Shelly devices connected through a managed Wi-Fi network

Repeated Shelly Wi-Fi disconnections on a managed network may be caused by roaming policies, radio design, addressing, firmware, or power. This guide explains how to establish a stable UniFi IoT baseline, test each variable individually, and decide when assigning a fixed device to one access point is appropriate.

When a Shelly device repeatedly disconnects and reconnects, the device is not necessarily the only part of the system to investigate. In a managed Wi-Fi network, access points and clients continuously make decisions about association, signal quality, roaming, channels, and transmit power. Features that improve mobility for laptops and phones may not produce the same result for fixed IoT devices.

Community reports from both Ubiquiti UniFi and TP-Link Omada installations describe a similar pattern: modern mobile devices roam successfully, while some Shelly, camera, and Tuya devices become unstable when encouraged to move between access points.

The practical response is not to disable every advanced feature without investigation.
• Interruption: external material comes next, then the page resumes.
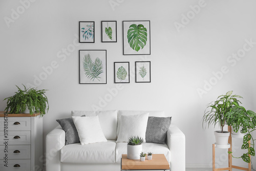 Beautiful Paintings Of Tropical Leaves Over Sofa In Living Room

It is to establish a simple, measurable IoT baseline and then add features back one at a time.

Important: The settings below are a troubleshooting baseline, not a universal configuration standard. Shelly models, access points, firmware, interference, building materials, and network scale all affect the result.

Specialist review note: A UniFi equipment specialist reviewed the general direction and agreed with the main approach, but emphasized two points: keep Shelly devices on a dedicated SSID with roaming disabled where possible, and avoid AP locking unless the signal situation is genuinely poor. UniFi rolling upgrades normally move clients away from an access point before firmware is applied, so AP locking can remove a useful maintenance behavior.

Start by Confirming the Symptom

A device shown as offline in an application does not automatically indicate a Wi-Fi roaming problem. Similar symptoms can be caused by:

  • weak or inconsistent 2.4 GHz coverage;

  • radio interference or crowded channels;

  • DHCP lease or address conflicts;

  • incompatible security settings;

  • device firmware;

  • unstable power or a device reboot;

  • cloud or internet connectivity rather than local Wi-Fi;

  • aggressive minimum-signal or roaming policies.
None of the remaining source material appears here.